EXERCISE DESCRIPTION :: The line containing "CAVE à liqueurs" marks the end; return exactly every line from the start of the records up to and including it, but no pictures.

BEGIN RECORDED INFORMATION

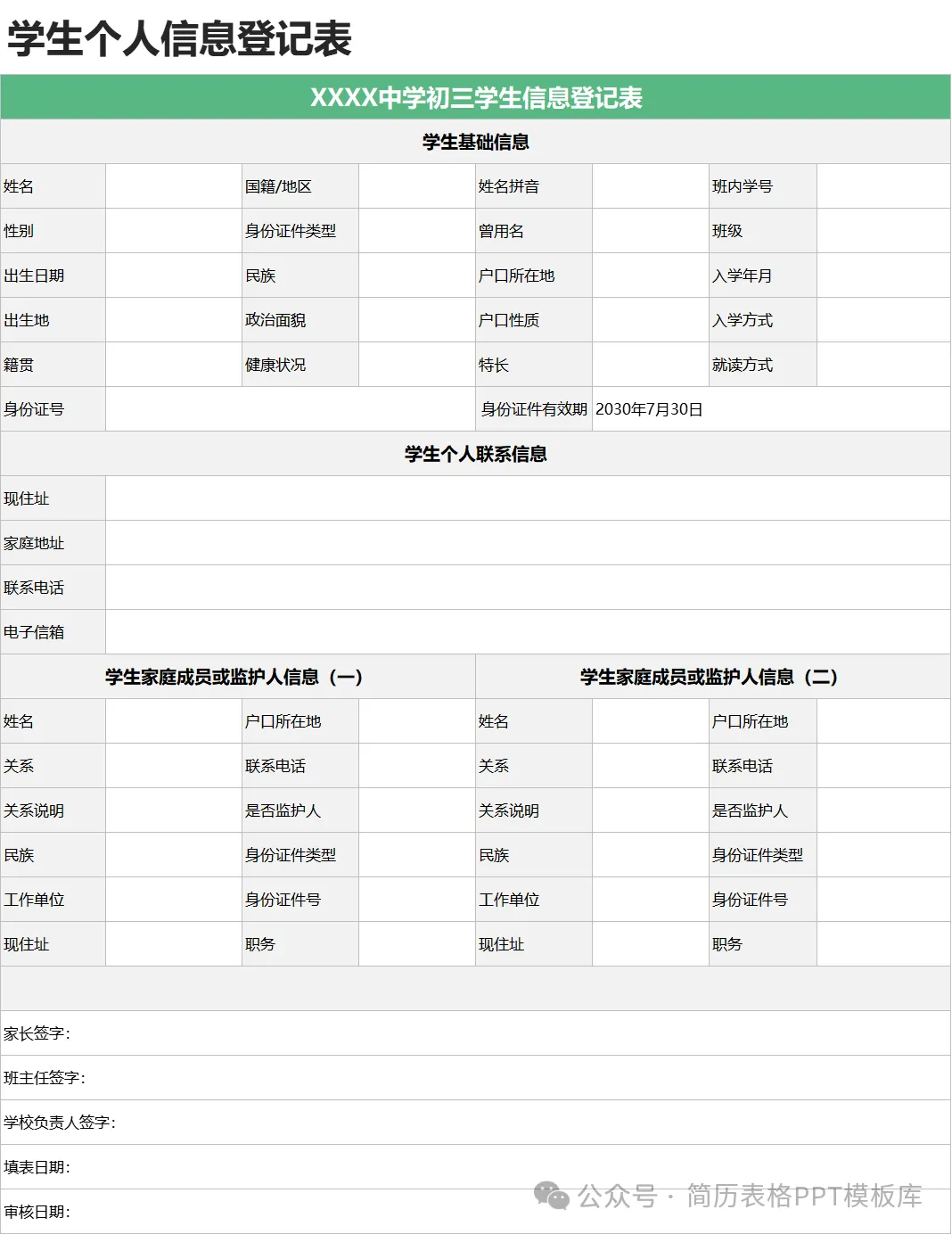 学生信息登记表
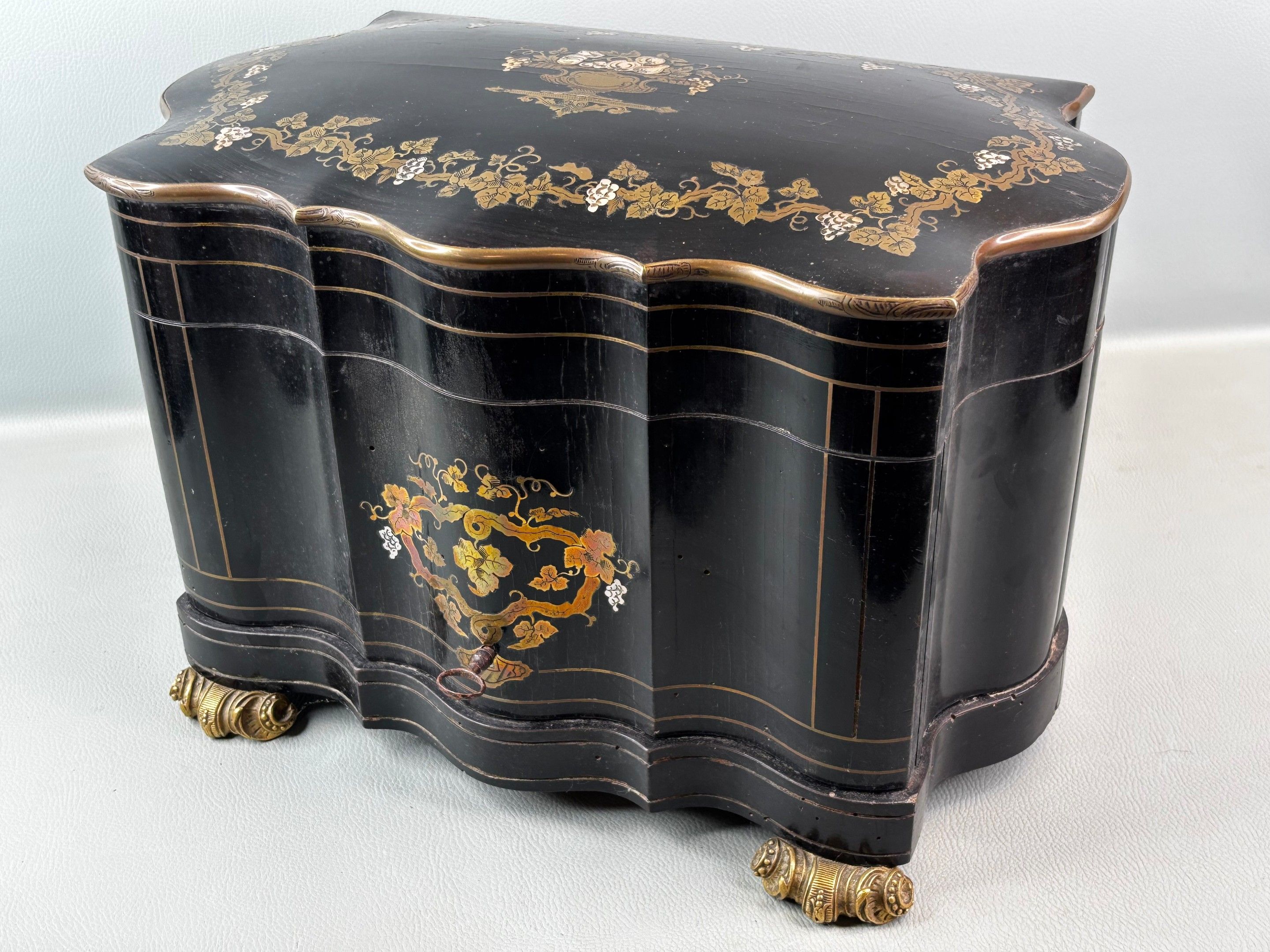 CAVE à liqueurs en bois noirci et incrustations de laiton et…
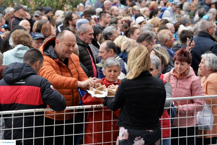 – Tisztelt hölgyeim és uraim, kedves nyíregyháziak! Szeretettel köszöntök mindenkit, remélem, mindenki jól érzi magát! Én tegnap a hivatalos programokon mindannyiunk nevében azt mondtam a hozzánk látogató testvér- és partnervárosaink vezetőinek, hogy köszönjük, hogy megtiszteltek bennünket és velünk ünnepelnek. A barátok jóban-rosszban együtt vannak, itt most csupa jó dolog történik, és természetesen ez egy alkalom arra, hogy mind a hat testvérvárosi delegációval tudtunk beszélni arról, hogy hogyan építsük tovább a testvérvárosi kapcsolatokat. Most már talán nyolcadik éve a programunk nagyon fontos része a város tortája. A sipkaysok megsütik, a tanárok és a diákok együtt. Én az első tortánál azt kértem, és azóta nem is szóltam bele, hogy a tortát úgy süssék meg, hogy abban legyen benne mind a három torta, ami Magyarországon akkor nyolc ország tortája volt, és három a mi megyénkből. A szabolcsi alma, a szatmári szilva és a milotai diótorta – fogalmazott köszöntőjében a várostorta kínálása előtt dr. Kovács Ferenc, Nyíregyháza polgármestere.
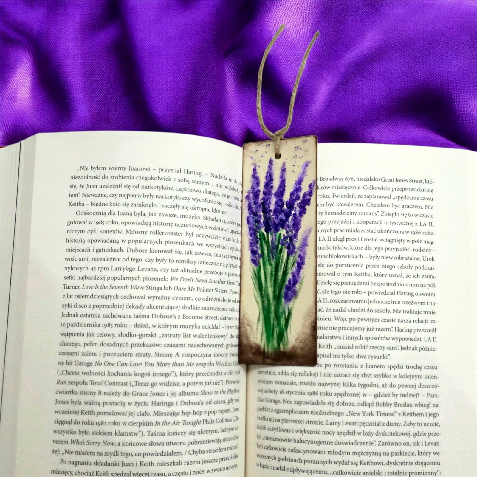 Zakładka do książki, malowana farbami akrylowymi na sklejce o wymiarach 14x5 cm.
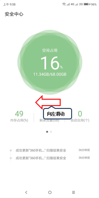 2.在【安全中心】界面向左滑动,如图1-2所示;
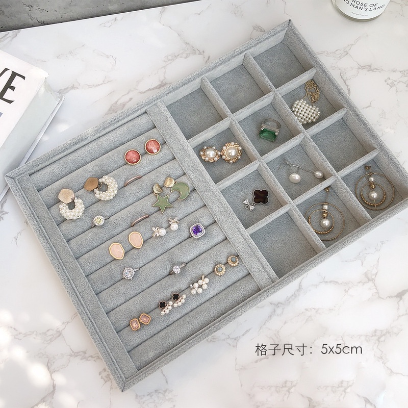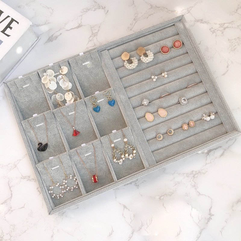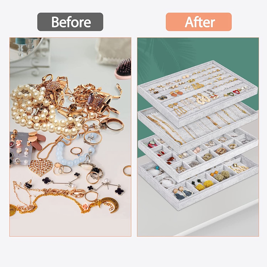 Stackable Jewelry Organizer Trays Velvet For Drawers Large Jewelry Storage Display Tray for Dresser Earring Necklace Bracelet Ring Showcase Holder Organizer Set Gift For Women Girl

END RECORDED INFORMATION

TASK OUTPUT ::
 学生信息登记表
 CAVE à liqueurs en bois noirci et incrustations de laiton et…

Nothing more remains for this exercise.